The provided document doesn't explicitly state specific numerical acceptance criteria for the U-RIGHT TD-4280 Blood Glucose Monitoring System. Instead, it relies on demonstrating substantial equivalence to a predicate device (TD-4277 Blood Glucose Monitoring System). The performance characteristic considered for equivalence is "system accuracy performance."

2. Sample Size Used for the Test Set and Data Provenance

The document does not explicitly state the sample size used for the test set or the data provenance (e.g., country of origin, retrospective/prospective). This type of detail is typically found in the full study report, which is not included in this 510(k) summary. The summary only mentions "A comparison of system accuracy performance" and "Software verification and validation testing."

3. Number of Experts Used to Establish Ground Truth for the Test Set and Qualifications of those Experts

This information is not provided in the given text. For a blood glucose monitoring system, the "ground truth" for accuracy studies is typically established by comparing the device's readings to laboratory reference methods (e.g., YSI analyzer) performed by trained clinical laboratory personnel, not by medical experts in the sense of radiologists or pathologists.

4. Adjudication Method for the Test Set

This information is not provided in the given text. Adjudication methods are typically relevant for studies where subjective expert review is involved. For a blood glucose meter, the comparison is usually against an objective reference laboratory method, making a traditional adjudication process (like 2+1) less applicable.

5. If a Multi Reader Multi Case (MRMC) Comparative Effectiveness Study was done, If so, what was the effect size of how much human readers improve with AI vs without AI assistance

An MRMC comparative effectiveness study is not applicable to this device. This type of study is used for diagnostic imaging devices where human readers interpret images, often with and without AI assistance, to assess the AI's impact on human performance. The U-RIGHT TD-4280 is a blood glucose monitoring system, directly measuring glucose levels, not assisting human interpretation of complex data.

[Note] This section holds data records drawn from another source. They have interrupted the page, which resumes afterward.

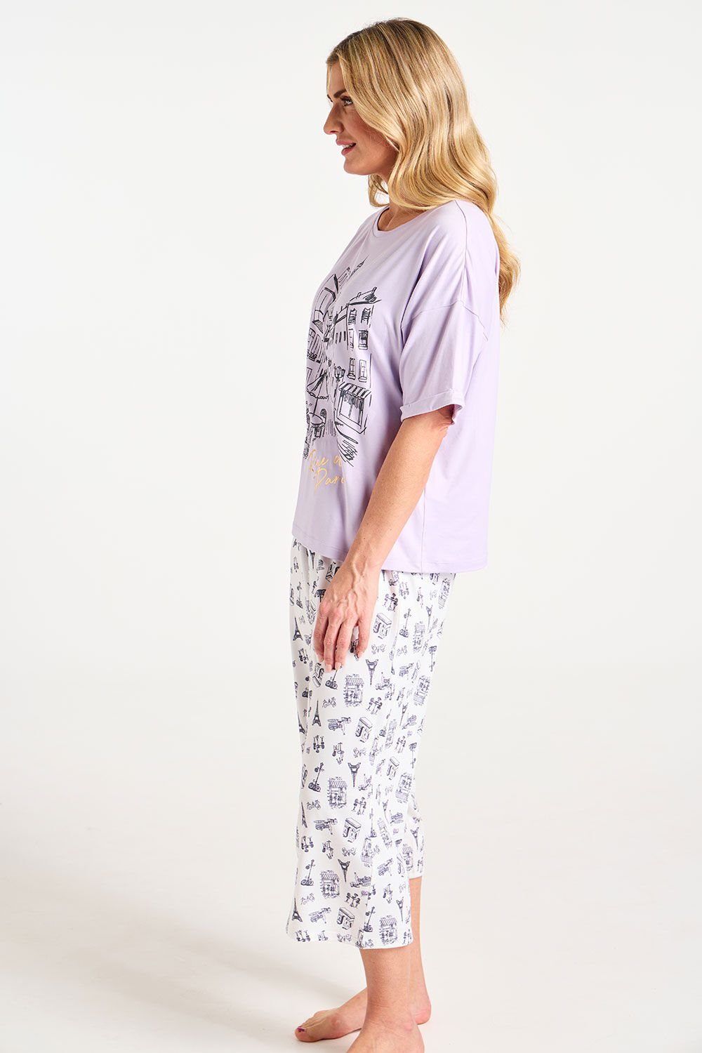 Scenes Of Paris Print 3/4 Length Pyjama Set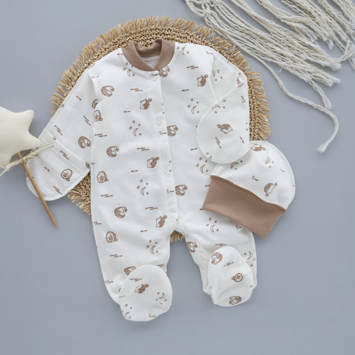 Чоловічок та шапочка Їжачки Бежевий (Футер - з начосом) 56 (0-3міс)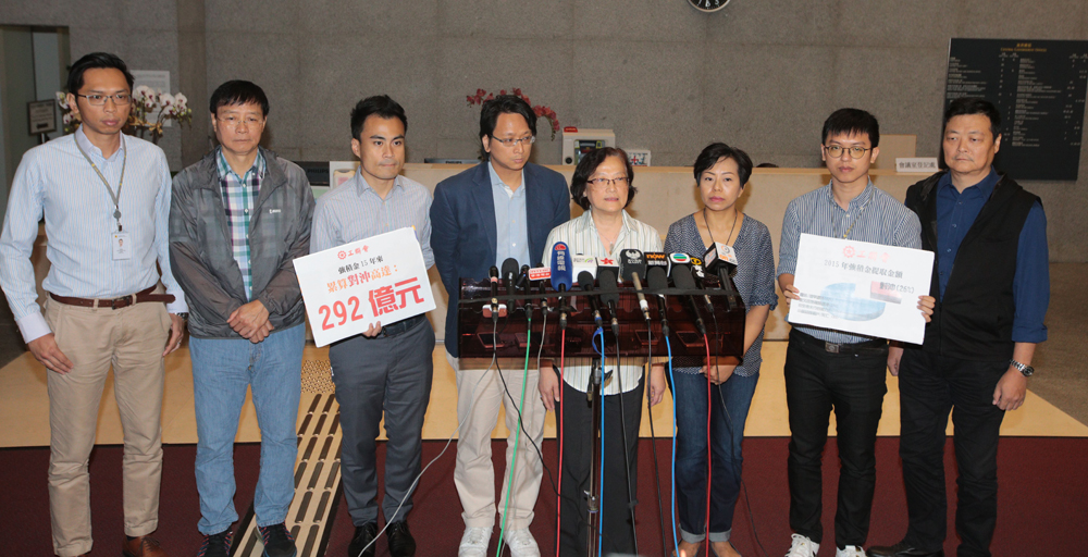 图:工联会昨就强积金对沖问题与行政长官梁振英会面。工联会会长林淑仪(右四)会面后称,特首强调会考虑一切可行方法,找出各方接受的解决方案/大公报记者林少权摄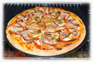 W dużej misce rozmieszaj drożdże z wodą, olejem, cukrem i solą. Mieszając stopniowo wsypuj mąkę, a później zacznij zagniatać suchą dłonią. Gotowe ciasto jest elastyczne i odstaje od rąk. Przykryj je suchą ściereczką i odstaw na bok na ok. 40 minut, by nieco odpoczęło i podrosło. Następnie przełóż je na blachę lub formę wyłożoną papierem i wysmarowaną oliwą lub olejem. Dłońmi uformuj placek delikatnie rozciągając ciasto ku brzegom (jeśli Ci tak wygodniej, możesz je rozwałkować wałkiem). Pozostaw w temperaturze pokojowej jeszcze na 30 minut. Przez ten czas ciasto nieco zwiększy objętość. Wierzch posmaruj sosem pomidorowym, rozłóż drobno pokrojoną mozzarellę, a następnie pozostałe składniki – salami, pokrojone pieczarki, paprykę i boczek. Wstaw do rozgrzanego piekarnika – piecz z termoobiegiem przez 10 minut w temp. 220 stopni.

6. If a Standalone (i.e. algorithm only without human-in-the loop performance) was done

The context of "standalone" performance (algorithm only) is usually discussed for AI/ML-driven diagnostic systems. For a blood glucose meter, the device itself provides the measurement, and its "standalone performance" is what is being evaluated (i.e., how accurately it measures glucose). The entire system (meter + strip) is designed to operate without continuous human-in-the-loop interpretation beyond the user taking the reading. The summary implies the device's accuracy was tested independently.

7. The Type of Ground Truth Used (expert consensus, pathology, outcomes data, etc.)

The exact type of ground truth is not explicitly stated, but for blood glucose monitoring systems, the ground truth is universally established through laboratory reference methods. This would involve comparing the glucose readings from the U-RIGHT TD-4280 system to results obtained from a highly accurate laboratory instrument, such as a YSI glucose analyzer, which is considered the gold standard for glucose measurement in blood samples.

8. The Sample Size for the Training Set

The concept of a "training set" is primarily relevant for machine learning algorithms. While the device contains software, the 510(k) summary does not indicate that it uses a machine learning algorithm that requires a separate "training set" in the conventional sense. The device's electrochemical biosensor technology likely relies on pre-defined algorithms and calibration, rather than a learned model from a large training dataset. Therefore, information about a training set sample size is not provided and likely not applicable in the AI/ML context.

9. How the Ground Truth for the Training Set was Established

As noted in point 8, the concept of a "training set" as it relates to AI/ML is likely not applicable here. If the device's internal algorithms required calibration, this would be done against laboratory reference methods to ensure accuracy across the measurement range, similar to how ground truth for performance evaluation is established. However, the document does not detail these developmental and calibration processes.